_WHAT TO DO_:
The material below includes pictures; leave them out and return only the lines between the line containing "l'accessoire A644 F04" and the line containing "fra Esbjerg Marineforening.", inclusive, word for word.

_AVAILABLE DATA_:
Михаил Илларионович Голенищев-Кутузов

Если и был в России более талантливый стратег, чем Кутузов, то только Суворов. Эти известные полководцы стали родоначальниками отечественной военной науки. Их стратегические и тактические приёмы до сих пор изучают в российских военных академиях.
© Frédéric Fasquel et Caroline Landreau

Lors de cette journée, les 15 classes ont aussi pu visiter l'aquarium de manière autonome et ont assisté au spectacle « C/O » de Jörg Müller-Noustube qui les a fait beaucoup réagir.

---

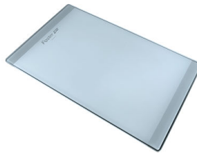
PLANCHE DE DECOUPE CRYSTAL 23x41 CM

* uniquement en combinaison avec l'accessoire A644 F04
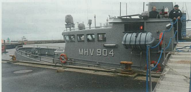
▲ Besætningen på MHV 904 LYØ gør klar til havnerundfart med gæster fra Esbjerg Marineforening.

---

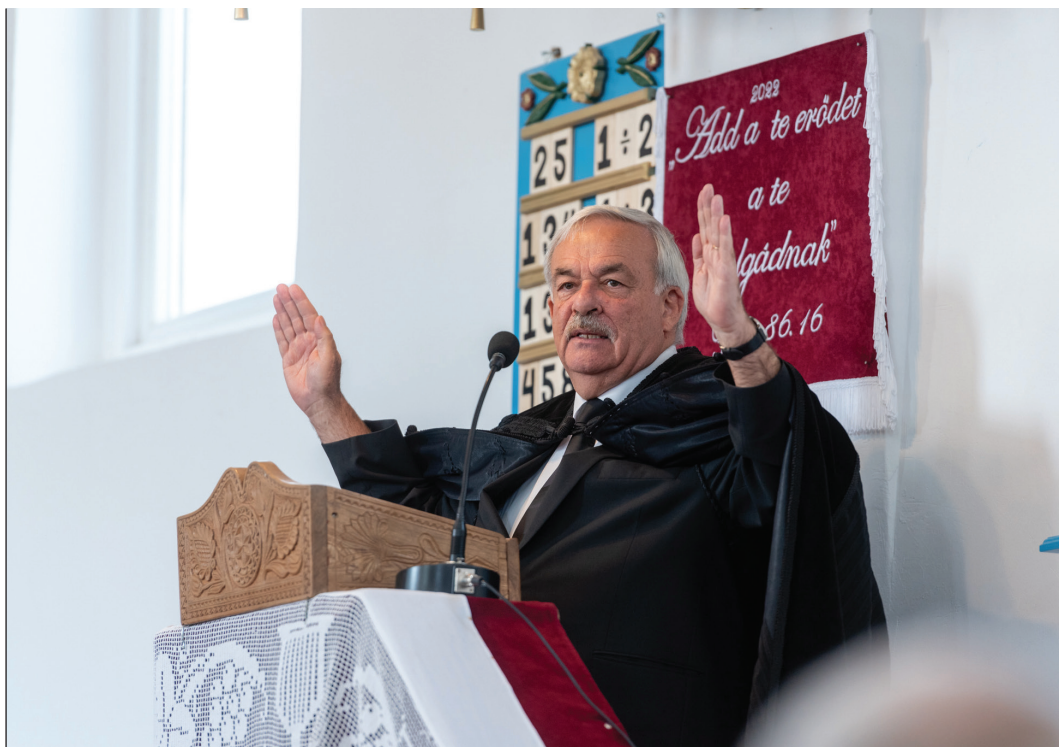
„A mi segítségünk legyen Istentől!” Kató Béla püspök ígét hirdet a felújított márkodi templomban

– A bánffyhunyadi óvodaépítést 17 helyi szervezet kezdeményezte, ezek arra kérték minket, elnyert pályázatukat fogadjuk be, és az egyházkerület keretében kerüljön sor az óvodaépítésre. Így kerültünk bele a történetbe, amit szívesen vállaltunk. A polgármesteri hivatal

_ANSWER SPACE_:
* uniquement en combinaison avec l'accessoire A644 F04
▲ Besætningen på MHV 904 LYØ gør klar til havnerundfart med gæster fra Esbjerg Marineforening.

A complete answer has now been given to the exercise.